=== Work instructions ===
The listing below holds pictures; exclude them. Return exactly the lines from the one with "科研人员在珠峰大本营调试水汽稳定同位素观测仪器" through the one with "ที่เกิดเหตุพบร่างนายเอ (นามสมมุติ) อายุ".

=== Exercise data ===
= Beginning of Section =

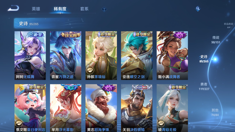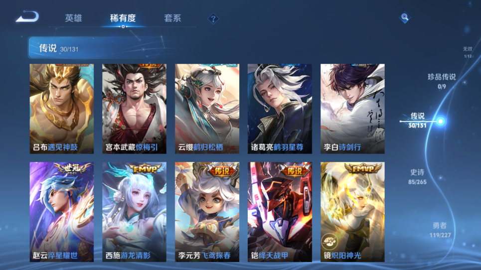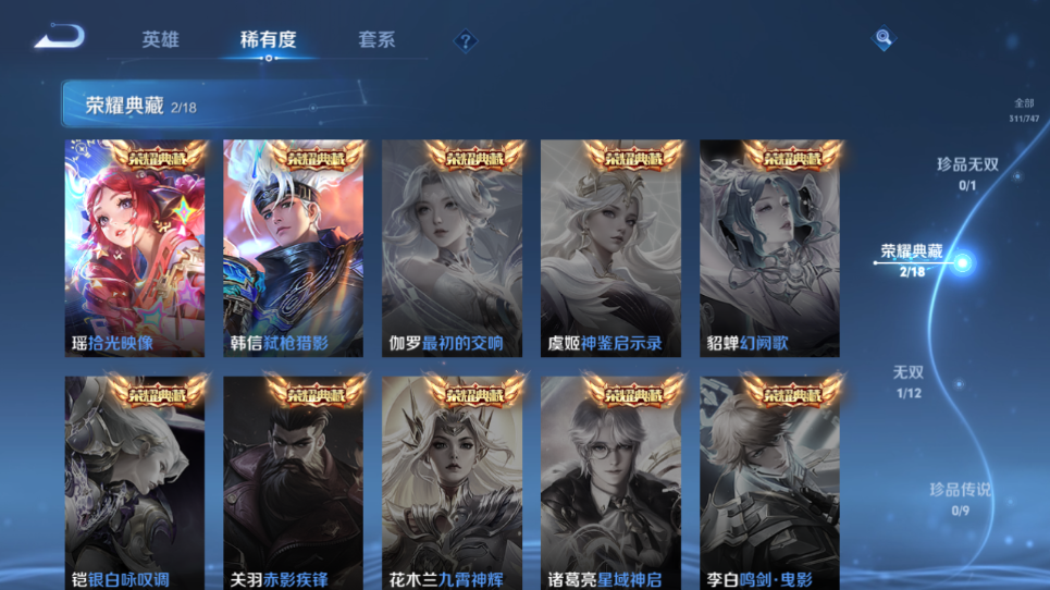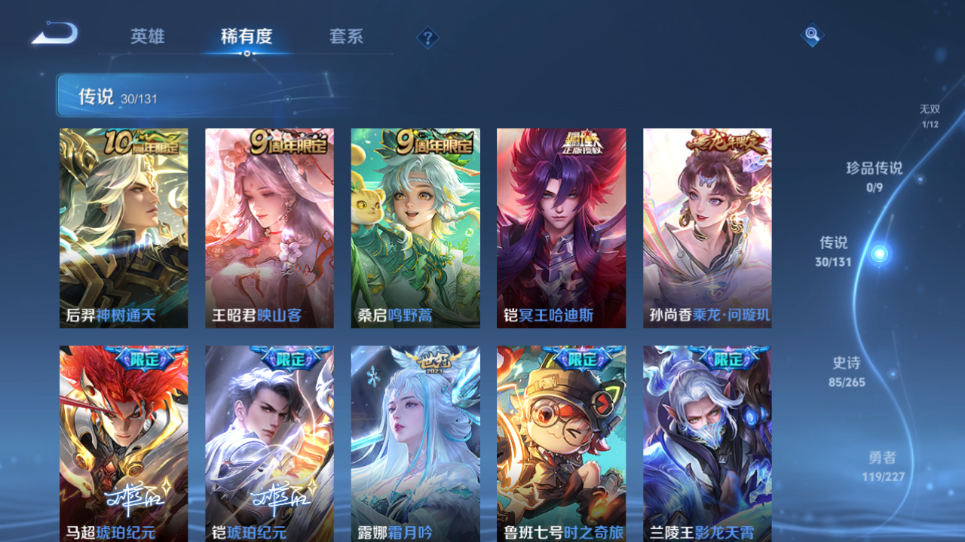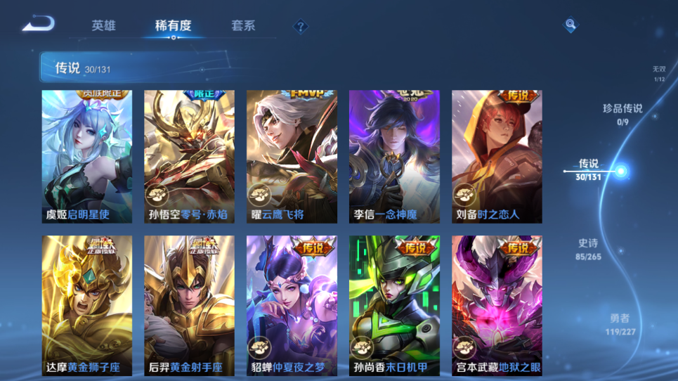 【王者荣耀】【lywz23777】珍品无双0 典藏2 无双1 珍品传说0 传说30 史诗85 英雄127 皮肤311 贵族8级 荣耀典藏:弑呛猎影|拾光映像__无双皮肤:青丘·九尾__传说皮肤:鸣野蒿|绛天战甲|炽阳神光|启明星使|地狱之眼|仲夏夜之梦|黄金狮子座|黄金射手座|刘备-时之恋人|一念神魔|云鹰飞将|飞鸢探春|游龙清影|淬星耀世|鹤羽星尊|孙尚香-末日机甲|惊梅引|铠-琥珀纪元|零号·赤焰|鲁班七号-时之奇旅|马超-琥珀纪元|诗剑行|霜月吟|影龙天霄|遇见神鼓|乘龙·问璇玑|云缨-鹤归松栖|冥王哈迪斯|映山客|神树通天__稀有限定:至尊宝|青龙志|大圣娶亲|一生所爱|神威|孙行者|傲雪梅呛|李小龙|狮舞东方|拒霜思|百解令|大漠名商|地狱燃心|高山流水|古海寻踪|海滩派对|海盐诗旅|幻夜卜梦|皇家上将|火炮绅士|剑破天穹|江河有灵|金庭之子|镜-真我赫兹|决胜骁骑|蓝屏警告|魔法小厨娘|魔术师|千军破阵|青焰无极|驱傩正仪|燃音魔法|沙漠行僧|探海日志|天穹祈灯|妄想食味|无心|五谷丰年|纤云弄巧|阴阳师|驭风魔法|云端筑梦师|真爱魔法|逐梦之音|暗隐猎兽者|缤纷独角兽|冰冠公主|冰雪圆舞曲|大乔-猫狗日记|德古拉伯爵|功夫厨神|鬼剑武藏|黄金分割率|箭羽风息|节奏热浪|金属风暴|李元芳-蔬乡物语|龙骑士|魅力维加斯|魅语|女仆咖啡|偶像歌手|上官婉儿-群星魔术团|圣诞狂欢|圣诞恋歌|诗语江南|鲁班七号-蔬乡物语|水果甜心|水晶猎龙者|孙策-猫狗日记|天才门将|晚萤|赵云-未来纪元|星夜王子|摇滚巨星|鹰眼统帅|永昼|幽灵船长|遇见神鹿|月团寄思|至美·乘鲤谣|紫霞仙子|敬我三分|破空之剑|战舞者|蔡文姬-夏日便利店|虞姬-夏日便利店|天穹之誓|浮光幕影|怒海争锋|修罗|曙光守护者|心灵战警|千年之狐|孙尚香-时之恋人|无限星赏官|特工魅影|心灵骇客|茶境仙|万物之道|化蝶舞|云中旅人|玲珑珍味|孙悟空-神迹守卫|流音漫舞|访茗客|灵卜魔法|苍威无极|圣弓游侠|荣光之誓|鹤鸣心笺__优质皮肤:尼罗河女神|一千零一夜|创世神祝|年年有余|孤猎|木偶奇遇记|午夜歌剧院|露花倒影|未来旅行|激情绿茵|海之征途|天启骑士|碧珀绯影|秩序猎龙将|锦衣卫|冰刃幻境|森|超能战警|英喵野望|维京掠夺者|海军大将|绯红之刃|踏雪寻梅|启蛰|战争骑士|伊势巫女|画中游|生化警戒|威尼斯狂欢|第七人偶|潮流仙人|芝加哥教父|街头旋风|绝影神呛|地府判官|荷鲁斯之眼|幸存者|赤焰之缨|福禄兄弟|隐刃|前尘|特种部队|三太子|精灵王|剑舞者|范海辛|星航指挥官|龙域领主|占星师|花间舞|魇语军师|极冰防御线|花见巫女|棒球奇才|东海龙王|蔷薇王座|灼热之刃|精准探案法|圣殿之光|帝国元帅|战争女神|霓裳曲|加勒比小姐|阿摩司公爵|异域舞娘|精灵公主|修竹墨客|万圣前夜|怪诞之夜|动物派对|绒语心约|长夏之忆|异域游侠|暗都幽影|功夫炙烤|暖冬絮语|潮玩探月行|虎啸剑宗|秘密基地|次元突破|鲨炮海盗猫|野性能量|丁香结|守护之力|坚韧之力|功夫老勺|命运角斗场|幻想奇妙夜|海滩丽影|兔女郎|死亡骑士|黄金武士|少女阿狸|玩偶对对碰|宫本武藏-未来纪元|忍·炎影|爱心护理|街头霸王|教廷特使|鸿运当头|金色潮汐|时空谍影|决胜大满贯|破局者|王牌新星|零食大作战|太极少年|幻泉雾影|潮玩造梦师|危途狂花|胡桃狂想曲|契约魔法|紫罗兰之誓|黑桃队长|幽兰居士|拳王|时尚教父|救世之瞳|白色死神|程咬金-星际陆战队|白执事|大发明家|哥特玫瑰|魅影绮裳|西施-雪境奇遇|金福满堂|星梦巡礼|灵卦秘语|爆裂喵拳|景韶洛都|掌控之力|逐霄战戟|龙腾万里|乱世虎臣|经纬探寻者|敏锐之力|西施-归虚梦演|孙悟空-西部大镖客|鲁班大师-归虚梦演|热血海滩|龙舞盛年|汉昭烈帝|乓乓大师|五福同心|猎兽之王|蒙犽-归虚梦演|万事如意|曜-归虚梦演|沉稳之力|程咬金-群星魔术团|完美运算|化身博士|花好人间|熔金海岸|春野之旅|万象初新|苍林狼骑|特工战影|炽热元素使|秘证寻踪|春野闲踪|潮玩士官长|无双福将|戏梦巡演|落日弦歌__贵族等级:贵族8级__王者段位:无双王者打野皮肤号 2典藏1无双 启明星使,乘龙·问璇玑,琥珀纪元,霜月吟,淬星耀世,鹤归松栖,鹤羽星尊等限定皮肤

= End of Section =
= Beginning of Section =

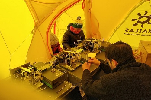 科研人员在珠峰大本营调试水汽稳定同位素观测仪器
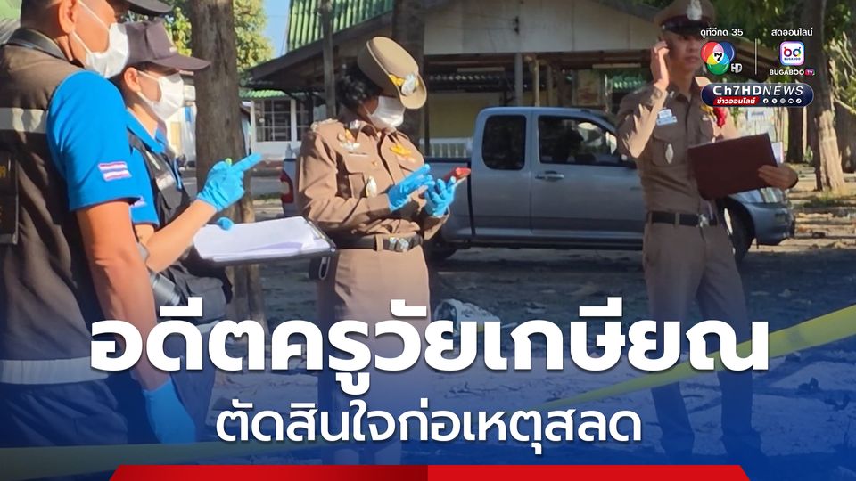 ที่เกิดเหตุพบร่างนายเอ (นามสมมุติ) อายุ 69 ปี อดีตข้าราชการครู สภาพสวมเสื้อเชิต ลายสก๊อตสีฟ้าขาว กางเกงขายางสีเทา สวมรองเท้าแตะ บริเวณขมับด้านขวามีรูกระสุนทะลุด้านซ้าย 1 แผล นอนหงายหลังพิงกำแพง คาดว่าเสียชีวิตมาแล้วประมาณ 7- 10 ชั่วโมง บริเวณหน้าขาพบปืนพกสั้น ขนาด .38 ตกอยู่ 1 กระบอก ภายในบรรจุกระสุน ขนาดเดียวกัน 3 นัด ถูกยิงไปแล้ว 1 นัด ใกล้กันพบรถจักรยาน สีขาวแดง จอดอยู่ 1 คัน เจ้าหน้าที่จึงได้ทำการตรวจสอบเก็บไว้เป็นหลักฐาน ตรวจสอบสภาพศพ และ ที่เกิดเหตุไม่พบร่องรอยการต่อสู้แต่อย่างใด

= End of Section =

=== Answer to this task ===
 科研人员在珠峰大本营调试水汽稳定同位素观测仪器
 ที่เกิดเหตุพบร่างนายเอ (นามสมมุติ) อายุ 69 ปี อดีตข้าราชการครู สภาพสวมเสื้อเชิต ลายสก๊อตสีฟ้าขาว กางเกงขายางสีเทา สวมรองเท้าแตะ บริเวณขมับด้านขวามีรูกระสุนทะลุด้านซ้าย 1 แผล นอนหงายหลังพิงกำแพง คาดว่าเสียชีวิตมาแล้วประมาณ 7- 10 ชั่วโมง บริเวณหน้าขาพบปืนพกสั้น ขนาด .38 ตกอยู่ 1 กระบอก ภายในบรรจุกระสุน ขนาดเดียวกัน 3 นัด ถูกยิงไปแล้ว 1 นัด ใกล้กันพบรถจักรยาน สีขาวแดง จอดอยู่ 1 คัน เจ้าหน้าที่จึงได้ทำการตรวจสอบเก็บไว้เป็นหลักฐาน ตรวจสอบสภาพศพ และ ที่เกิดเหตุไม่พบร่องรอยการต่อสู้แต่อย่างใด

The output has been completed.